Dostoïevski ne donne pas de réponse directe à cette question, mais l'idée même d'un statut en statut unissant tous les Juifs, dont il a tant parlé plus haut, témoigne de l'impossibilité de cette confrérie. Depuis quarante siècles d'existence, cette nation n'a pas appris à vivre en paix avec les autres nations. Depuis la publication du "Journal d'un écrivain" environ 140 ans - près d'un siècle et demi. Et rien n'a changé: ils manifestent encore cette incapacité à s'unir aux autres peuples.

Ainsi, nous voyons que Dostoïevski, étant un écrivain et un publiciste de talent, donne une description psychologique incroyablement précise du peuple juif.
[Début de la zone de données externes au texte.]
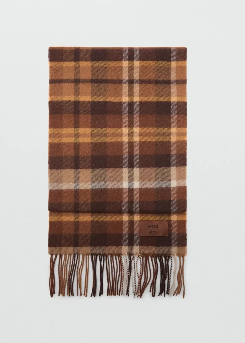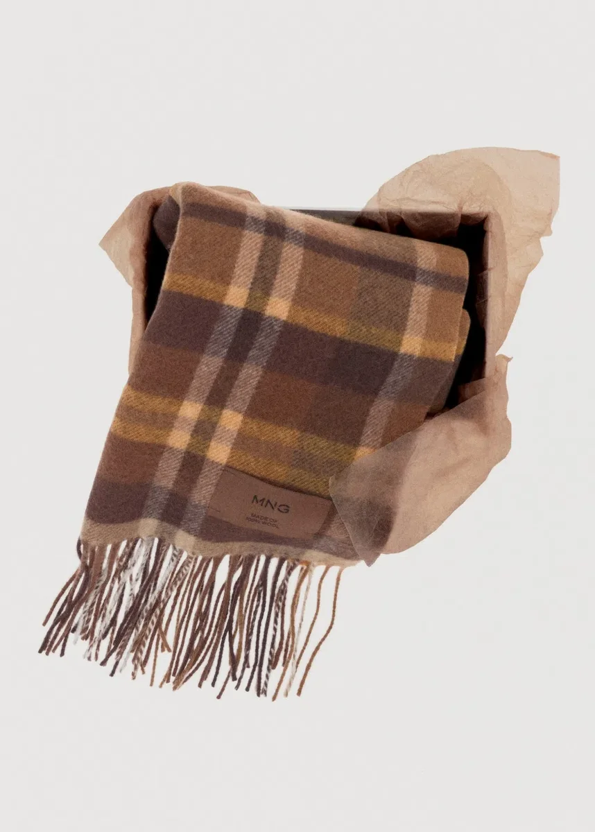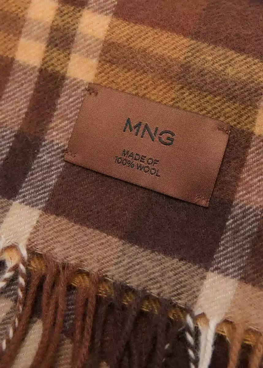 Tessuto 100% lana. Stampa a quadri. Finitura sfrangiata.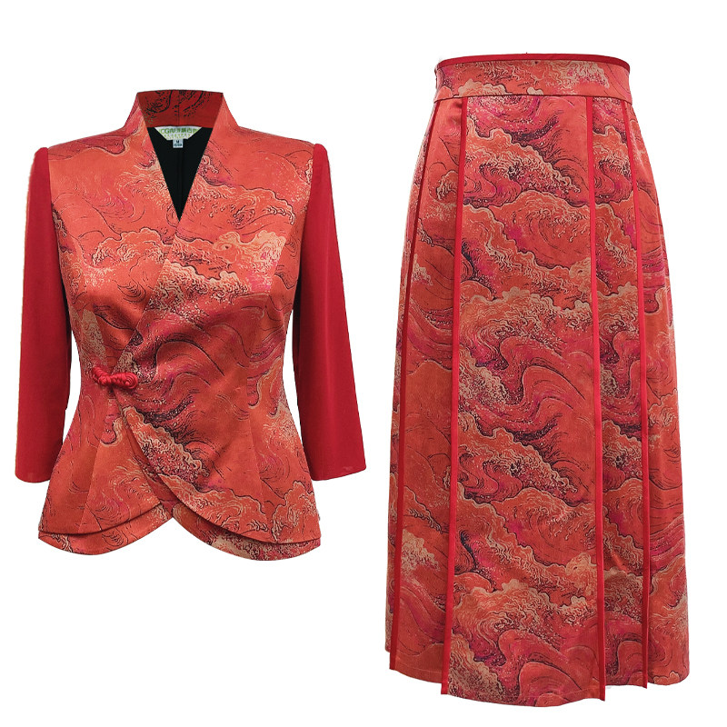 为您提供商品女士夏季 显瘦气质商务套裙 香云纱两件套中长裙云浪印花民族风修身的详细介绍,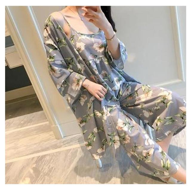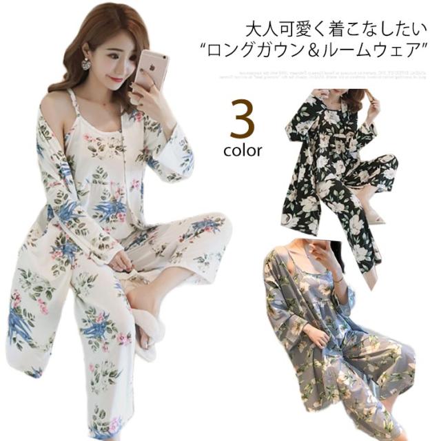 ルームウェア レディース ロングガウン キャミソール パンツ 上下セット 3点セット おしゃれ 可愛い 長袖 トップス 女の子 春夏 シンプル セクシー キュート パジャマ 可愛い 寝間着 部屋着 大きいサイズ 伸縮性 女性用 花柄 M L XL 送料無料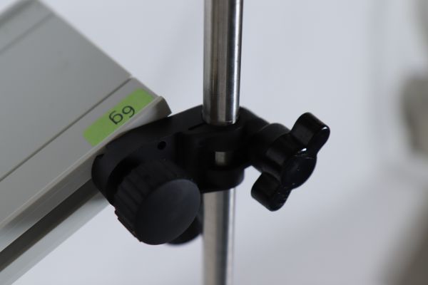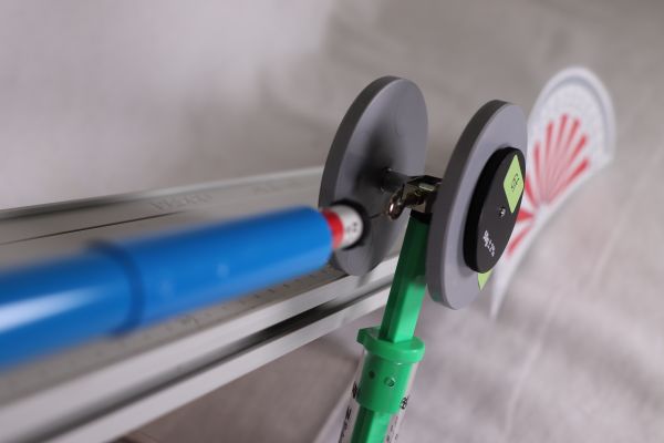 - Zuerst werden die beiden Stativstangen an den beiden Stativfüßen befestigt. Die Fahrbahn wird dann mithilfe von einer Befestigung an der linken Stativstange so befestigt, dass ein Ende der Fahrbahn die Tischplatte berührt. Zusätzlich wird eine Halterung seitlich an der Fahrbahn befestigt um daran einen Federkraftmesser zu befestigen.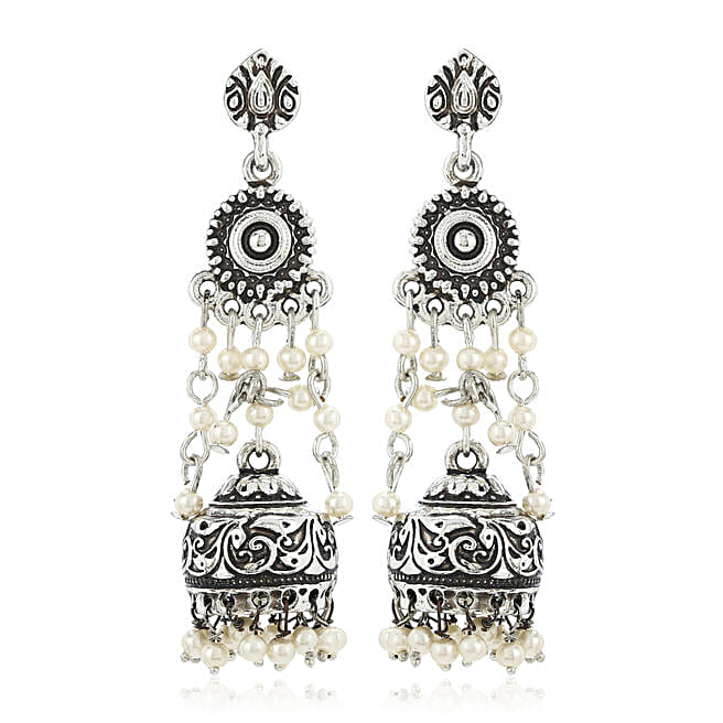 Estele Pearl Drop Oxidized Silver Jhumkas
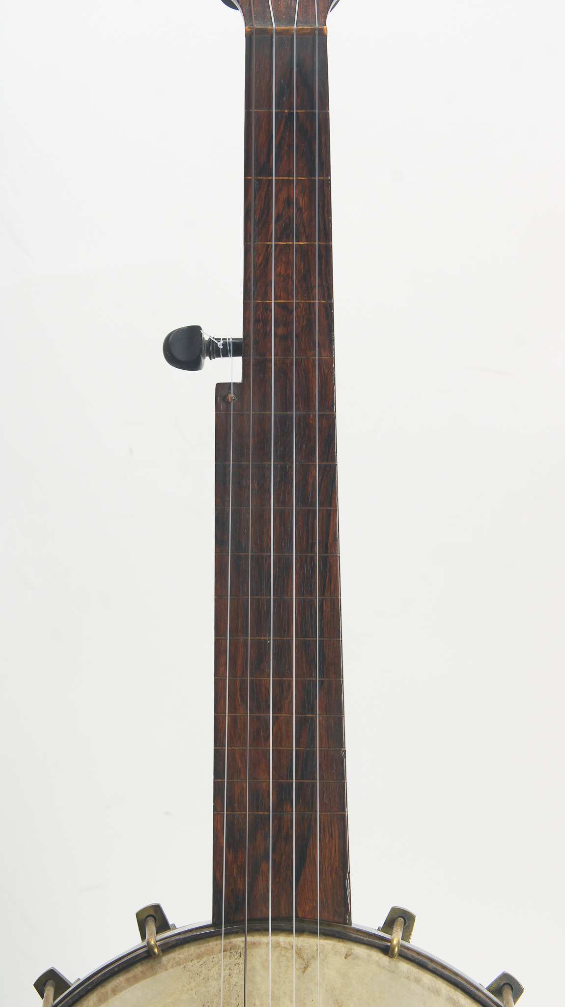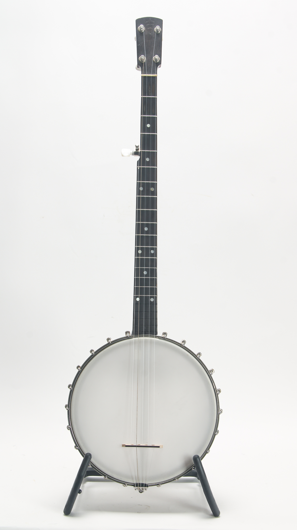 Non-traditional marriage of a deep Washburn pot, and a Windsor neck, a trans-Atlantic love story for the ages. The 10-3/4" diameter rim was made with birdseye maple, has nearly a 3" depth, with a rolled tonering; hardware appears original, repro tailpiece. The mahogany neck bears the Windsor stamp on the peghead, has a 27' scale ebony fingerboard w/ newer frets; forward relief and some twist present, but a a nice player, good tone., Setup with nylon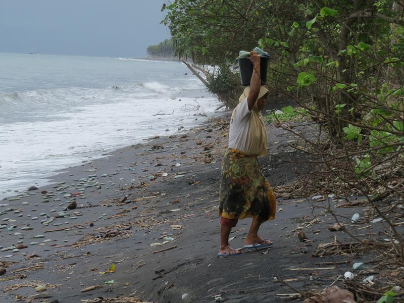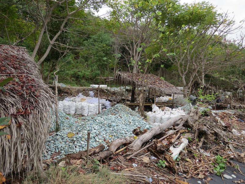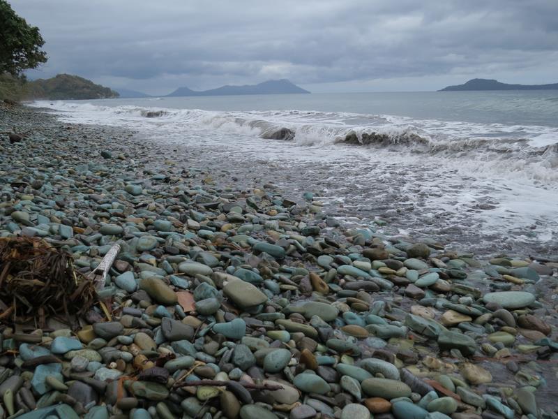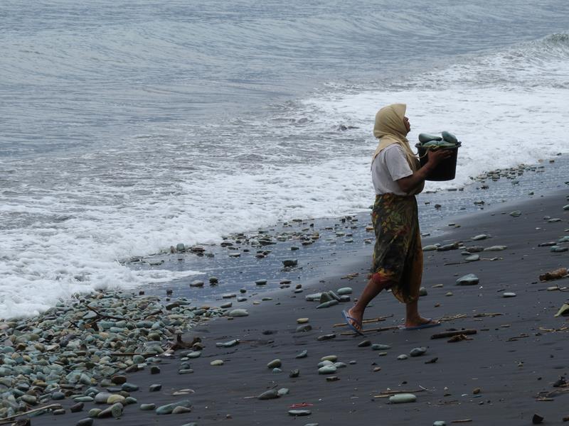La plage de Penggajawa avec ses étonnants galets bleus et turquoises qui sont notamment exportés à Bali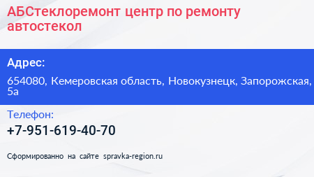 АБСтеклоремонт, центр по ремонту автостекол по адресу 654080, Кемеровская область, Новокузнецк, Запорожская, 5а в дальнейшем Организация, размещена в следующих категориях: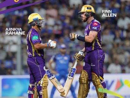 मुंबई: वानखेड़े स्टेडियम में मुंबई इंडियंस के खिलाफ मुकाबले में कोलकाता नाइट राइडर्स ने धमाकेदार शुरुआत की और हार्दिक पांड्या की जमकर धुनाई कर दी। चौथा ओवर फेंकते हुए, केकेआर के कप्तान अजिंक्य रहाणे और फिन एलन ने पांड्या की गेंदों को मैदान के हर कोने में पहुंचाया और उनके ओवर से 25 रन बटोरे।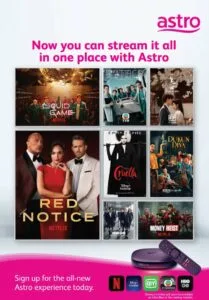 Tony Zameczkowski the Vice President for Business Development, APAC, Netflix said, “We’re thrilled to bring an elevated multi-device entertainment experience to more Malaysians. At Netflix, our goal is to offer the best-in-class entertainment to our members, and we’re thrilled that through this partnership with Astro, more Malaysians will be able to experience and enjoy our entire catalogue whether it be Hollywood blockbusters like Red Notice, Spanish series like Money Heist, Korean content such as the likes of Squid Game, which is a huge favourite among fans in Malaysia”.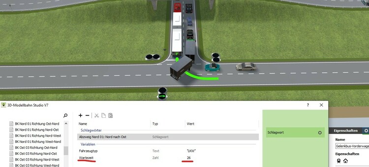 Hallo Neo, ich habe jetzt ein paar Tage damit verbracht, eine sinnvolle Steuerung für einen Abzweig zu erstellen. Letztlich bin ich zu dem Ergebnis gekommen, das ein wesentlicher Faktor für die vielen Fehlversuche hierzu, die von dir beschriebene Logik aus dem Zugbereich die Ursache ist. Straßenverkehr ist nicht Zugbereich. Fahrzeuge im Straßenverkehr dürfen vom Programm nicht als Gruppe interpretiert werden, wenn sie sehr dicht hintereinander fahren, aber über die Kupplungen nicht zusammenhängen. Den dadurch reagieren nicht alle (einzelnen) Fahrzeuge der Gruppe auf vorhandene Gleiskontakte, sondern nur das von dir beschriebene "Referenzfahrzeug". Das bring jegliche Steuerung für den Straßenverkehr über die EV durcheinander. Dabei gibt es doch vorhandene Unterscheidungsmerkmale, die verwendet werden könnten. Ein Gleis für den Zugverkehr ist vom Typ "Spline". Ein Fahrspur für den Straßenverkehr ist vom Typ "Virtuell". Diese Unterscheidung müsste in den internen Ablauf im Programm implementiert werden, damit Fahrzeuge auf einer Straße sich auch anders verhalten können. Viele Grüße, Hawkeye

Il n'y a pas de contradictions dans son raisonnement sur la « question juive »; au contraire, il est très logique et cohérent dans ses vues.

Il est totalement faux de croire que l'antipathie de l'écrivain envers le peuple juif a une origine religieuse: Dostoïevski a des revendications très spécifiques contre les « Juifs », et ces revendications découlent de certaines caractéristiques du caractère national, qui, à son tour, est conditionné par statut en statut.

Ainsi, nous pouvons conclure que tous les arguments des Grossmanov et Gourevitch concernant les vues de Dostoïevski sur la « question juive » sont absolument indéfendables.